The knee is the largest joint in the body and is often the site of pain and injury. The joint is made up of the lower end of the femur (thigh bone) and the upper end of the tibia (shin bone). The patella (kneecap) slides along a groove on the femur, and covers the front of the joint. The meniscus and cartilage cushion the spaces between these bones, and act as shock absorbers during movement.

The quadriceps muscle groups on the front of the upper leg help straighten the leg from a bent position, while the hamstring muscle group, on the back of the upper leg, help to bend the knee.

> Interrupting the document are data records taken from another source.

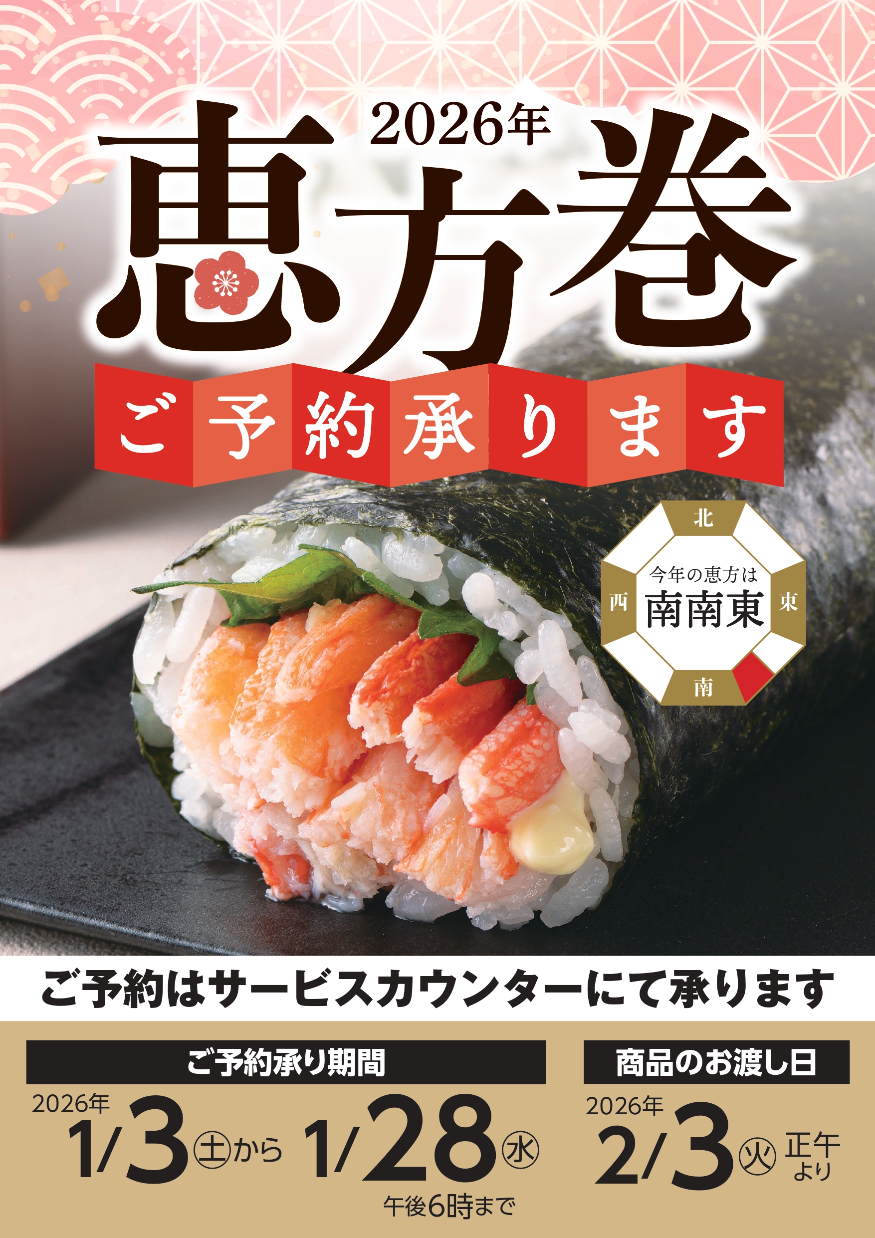 2026.01.03 特集 2026年恵方巻ご予約承ります 承りは1月28日(水)午後6時まで 詳しくは店頭予約リーフレットまたは各店のチラシをご覧ください※一部取り扱いのない店舗がございます ▶各店チラシページはこちら 前の記事 次の記事 特集一覧へ戻る
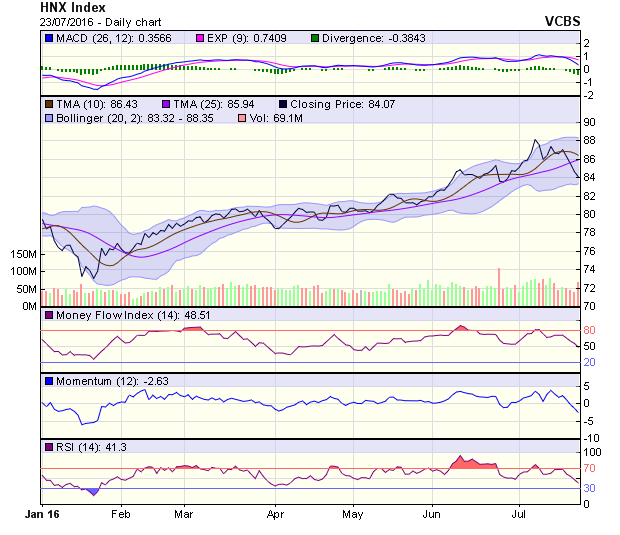 HNX-Index hình thành cây nến đỏ, thân nến dài giảm xuống dưới dải upper bollinger, bóng nến dưới chạm MA100 và bật lên. RSI cắt xuống đường 70, xu hướng ngắn hạn không được tích cực, tuy nhiên về trung hạn, xu hướng tăng vẫn đang khá vững. Thanh khoản duy trì ở mức thấp sau tuần giao dịch. Vùng hỗ trợ 83 điểm. Vùng kháng cự 85 điểm.
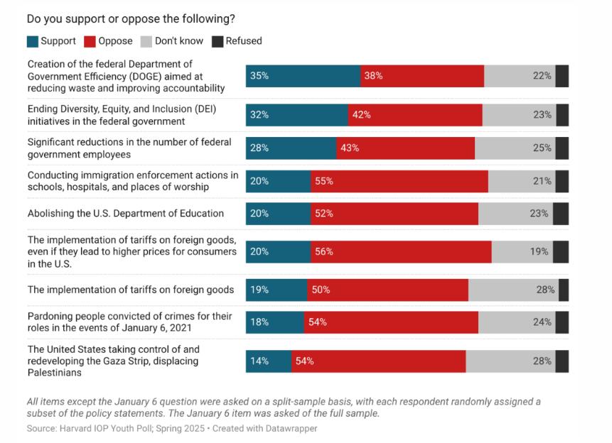 最受欢迎的提议是成立政府效率部(DOGE),但这也只有三分之一的年轻人支持。其余的议程,包括在联邦机构中终结多元化及平等(DEI)原则、关税、移民政策、减少联邦机构雇员、废除教育部、赦免2021年的国会骚乱者等,每项的支持率都在20%及以下。
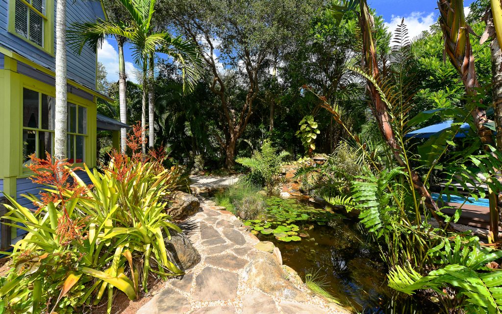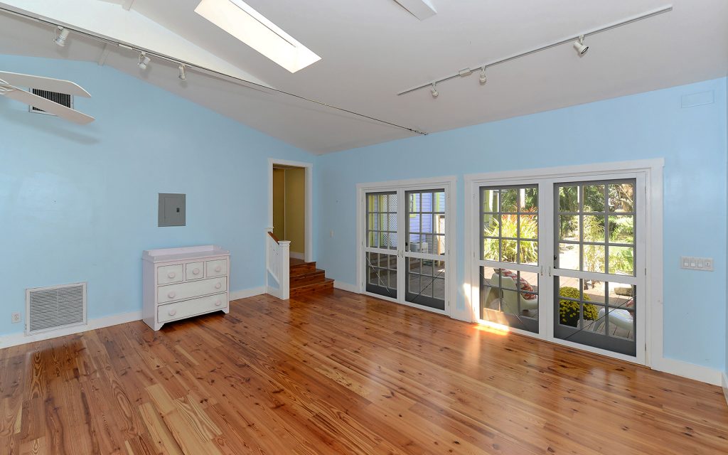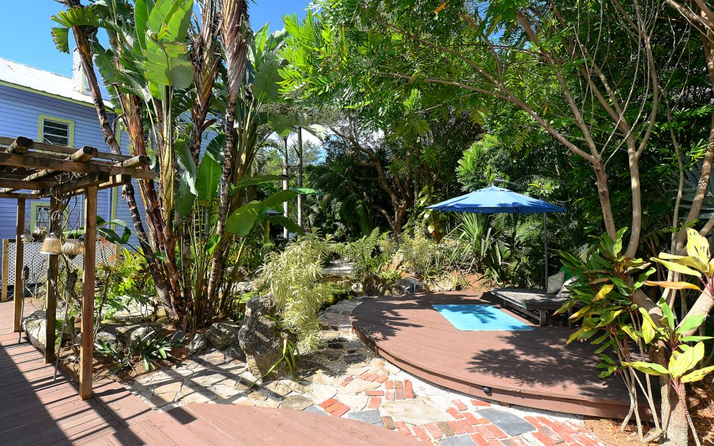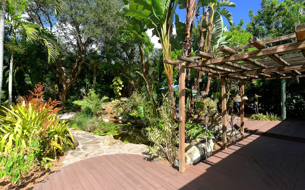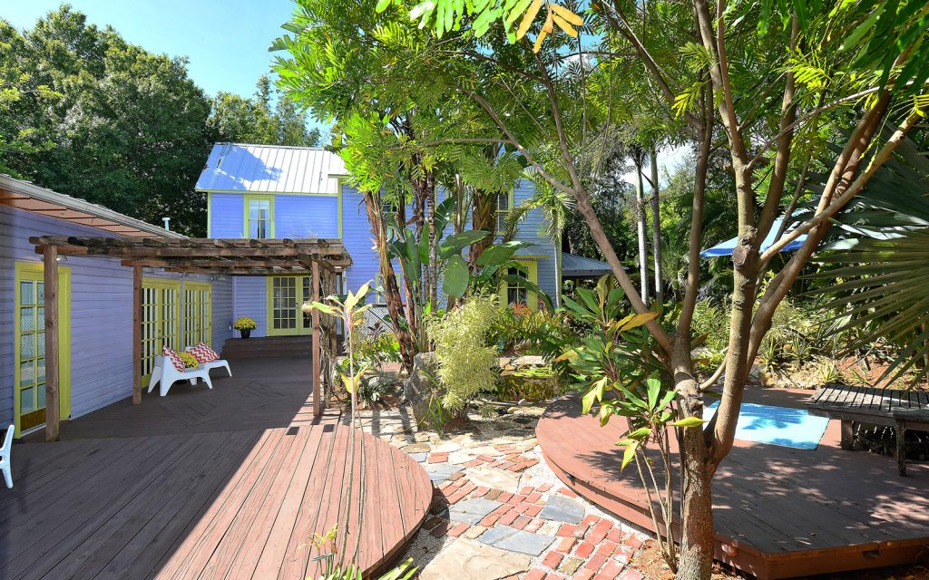 What was once a detached studio has been cleverly connected to the main house creating two huge spaces for education, recreation, in-law apartment, or perhaps an artist studio. Three sets of double French doors lead to the lush and tranquil outdoor gardens. Sit under the pergola as you listen to the sounds of the waterfall dance upon the stones. Surrounded by greenery, abundant porch space, both screened and open, this hidden oasis sits on a corner lot in one of Sarasota’s most desirable neighborhoods.
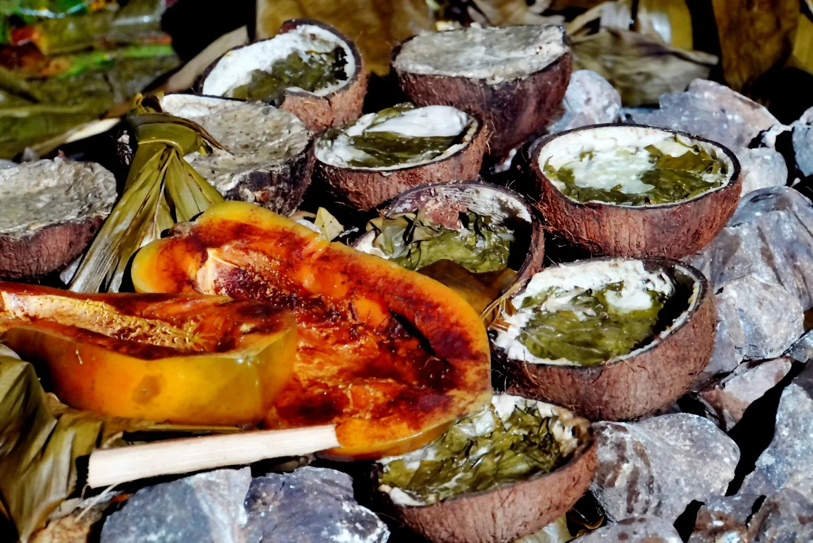 Watch as CandyMann dramatically unveils the earth oven by removing the encompassing banana leaves at 7 pm sharp, revealing perfectly cooked traditional food whilst Tisa shares fascinating insights about this ancient cooking method.
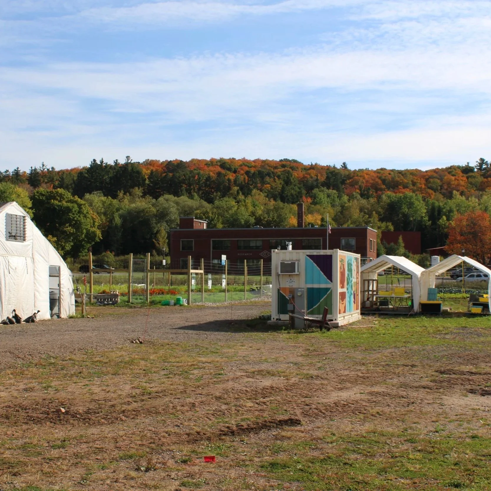 Photo Credit: Photo by PCF’s Camden Kinnie. Pictured at the Community Farm is the hoophouse, produce cooler, wash packs, and beds
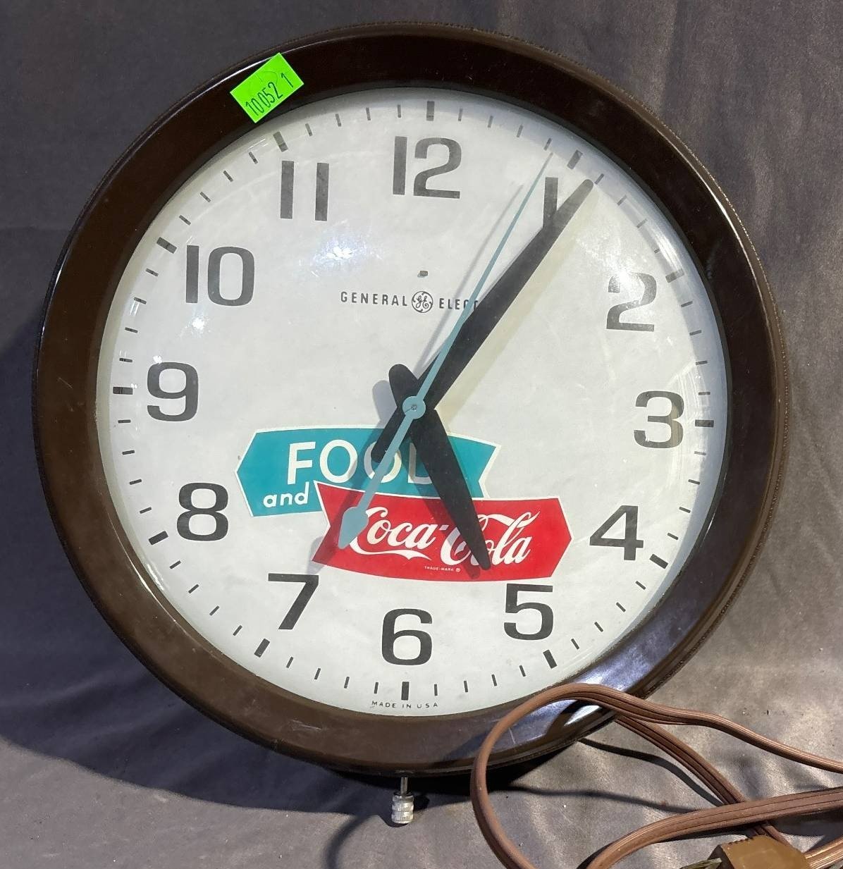10052 General Electric Wall Clock with Coca-Cola Advertising, 10.5” Diameter
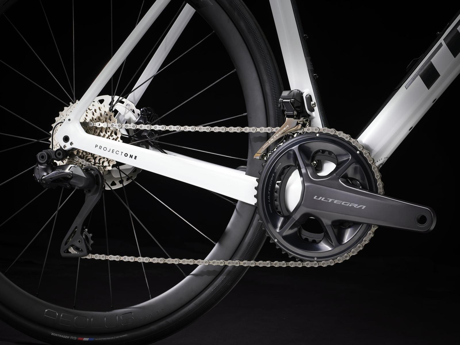 Einen Rahmen samt Gabel aus 800 Series OCLV Carbon mit hinterem IsoSpeed, integriertem internem Staufach und Befestigungsmöglichkeiten am Oberrohr. Ausgestattet ist es mit Shimanos drahtlosem, elektronischem Ultegra Di2 2x12-Antrieb, kraftvoll zupackenden Flat Mount-Scheibenbremsen, Aeolus Pro 37-Carbonlaufrädern und einem Bontrager Pro IsoCore-Lenker, der Straßenvibrationen im Vergleich zu herkömmlichen Carbonlenkern um 20 % verringert.
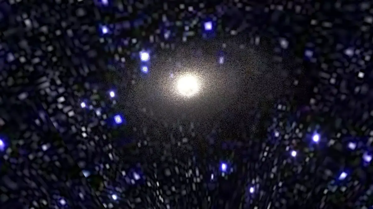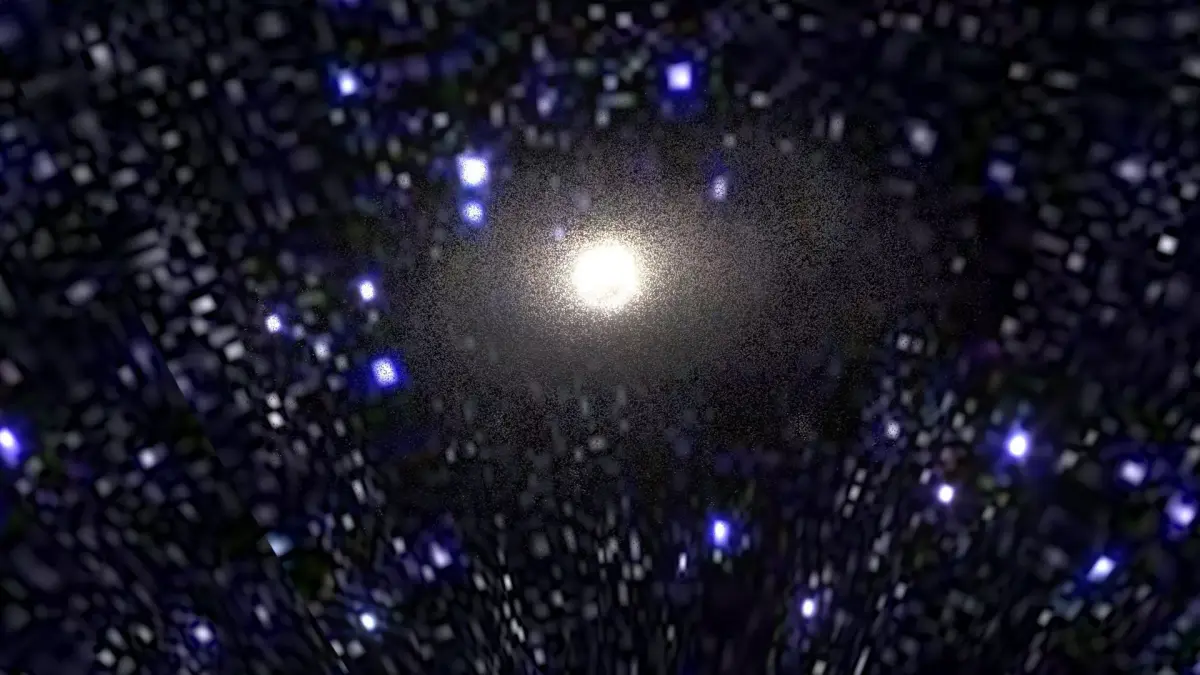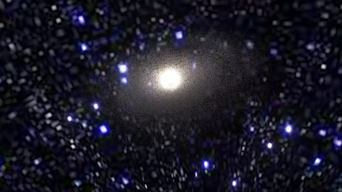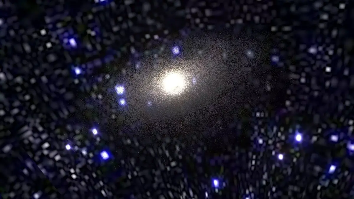 Model is a set of particle systems with elements of different types. Since real M83 Galaxy contains hundreds of billions stars, there are no way of simulate realistic view of galaxy directly. So here used textured particles with complex materials, placed along structural parts of Galaxy. Some of them are “clouds” of stars, others are light absorbing dust, emitting hydrogenous clouds, individual super-giant stars, etc. Multi-layered complex shaders was specifically designed to retain detailed and realistic view with extreme closeup and inside-the-galaxy views
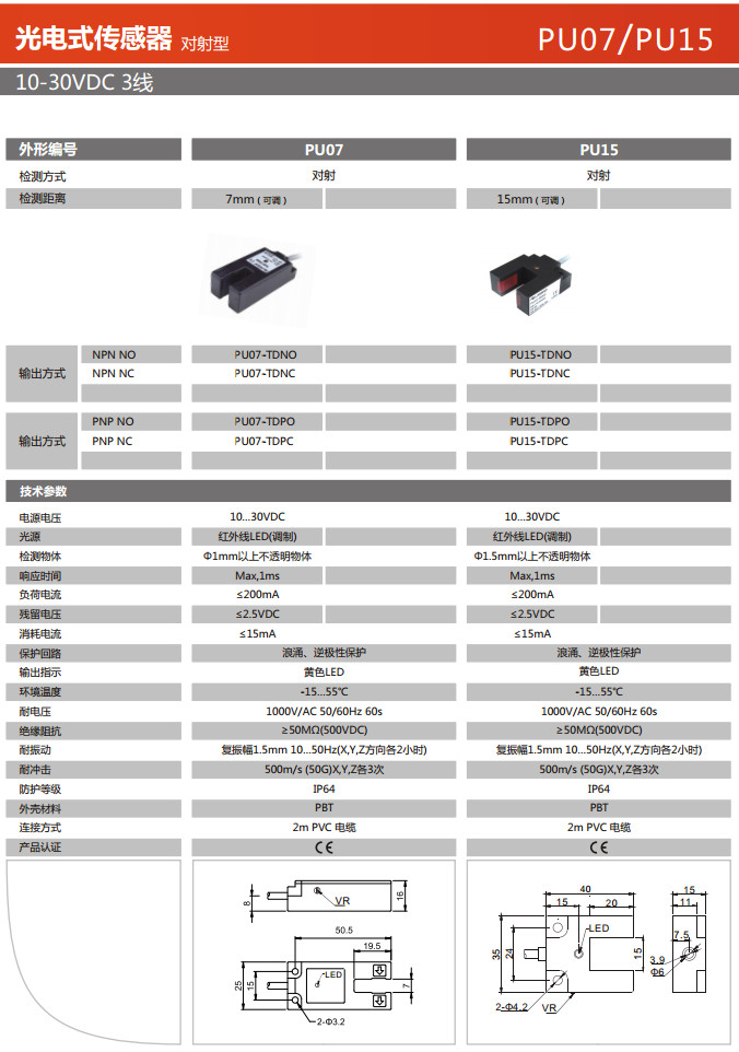 PU07-TDNO,PU07-TDNC,PU07-TDPO,PU07-TDPC,PU15-TDNO,PU15-TDNC,PU15-TDPO,PU15-TDPC,光电式传感器
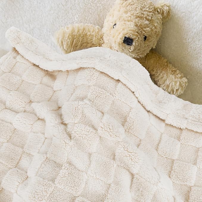 HOMRITAR 3D Gingham Fleece Baby Blanket for Girls Boys Chessboard Grid Warmer Comfort Reversible Shaggy Cozy Decor for Home Bed Blanket for Toddlers 30 x 40 Inches Cream
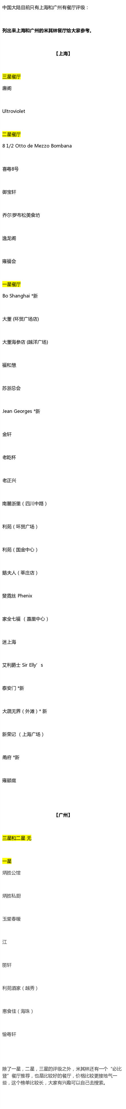 中国大陆目前上海和广州有餐厅评级,单子也给大家列了。
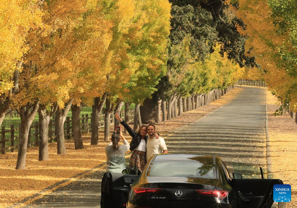 Tourists pose for photos by ginkgo trees at Napa Valley in California, the United States, Nov. 4, 2025. (Photo by Liu Yilin/Xinhua)
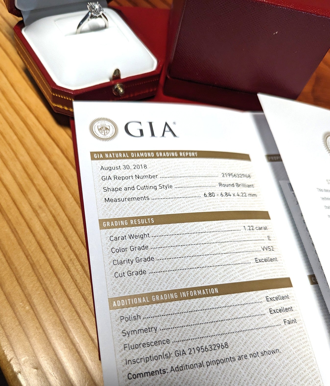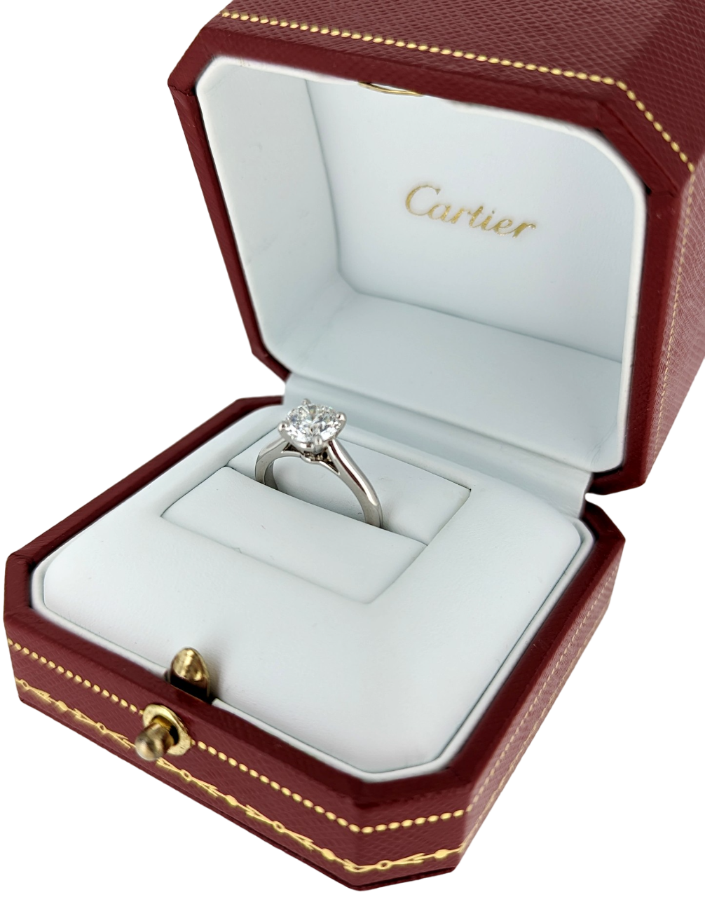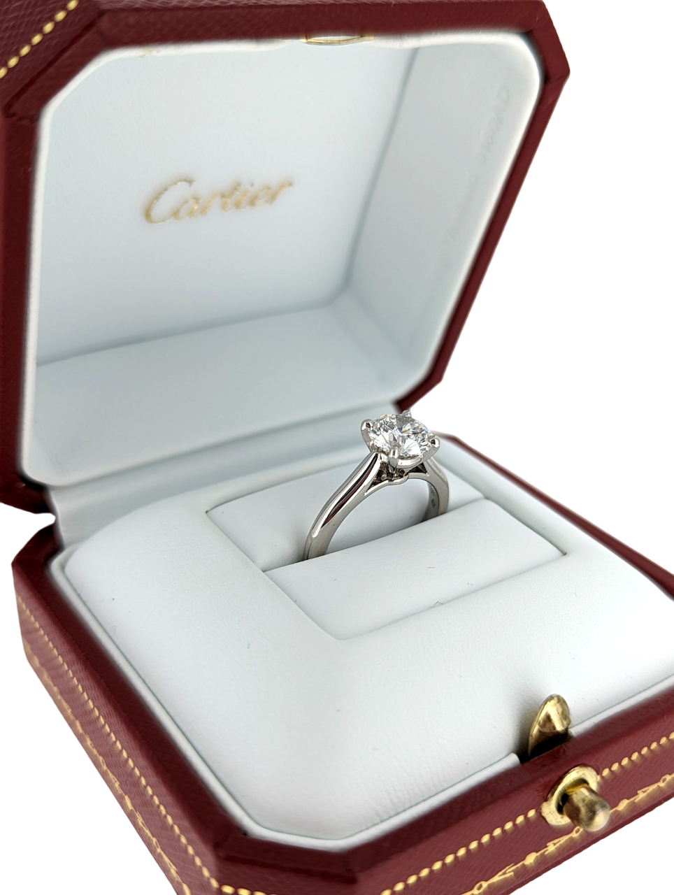 This platinum Cartier ring features a 1.22 carat round natural diamond with E color and VVS2 clarity. The cut, polish, and symmetry are all excellent, and it comes with the original inner and outer box as well as a GIA certificate. It is currently a size 4 but can be resized to fit.

Several large fibrous bands of tissue, called ligaments, support the knee on both sides. They provide strength and stability to the joint. The four ligaments that connect the femur and tibia are:

    * The medial collateral ligament (MCL) provides stability to the inside of the knee.
    * The lateral collateral ligament (LCL) provides stability to the outside of the knee.
    * The anterior cruciate ligament (ACL), in the center of the knee, limits rotation and the forward movement of the tibia.
    * The posterior cruciate ligament (PCL), also in the center of the knee, limits backward movement of the tibia.

Tendons are tough cords of tissue that connect muscle to bone. In the knee, the quadriceps tendon connects the quadriceps muscle to the patella and helps provide power to extend the leg. The patellar tendon connects the patella to the tibia.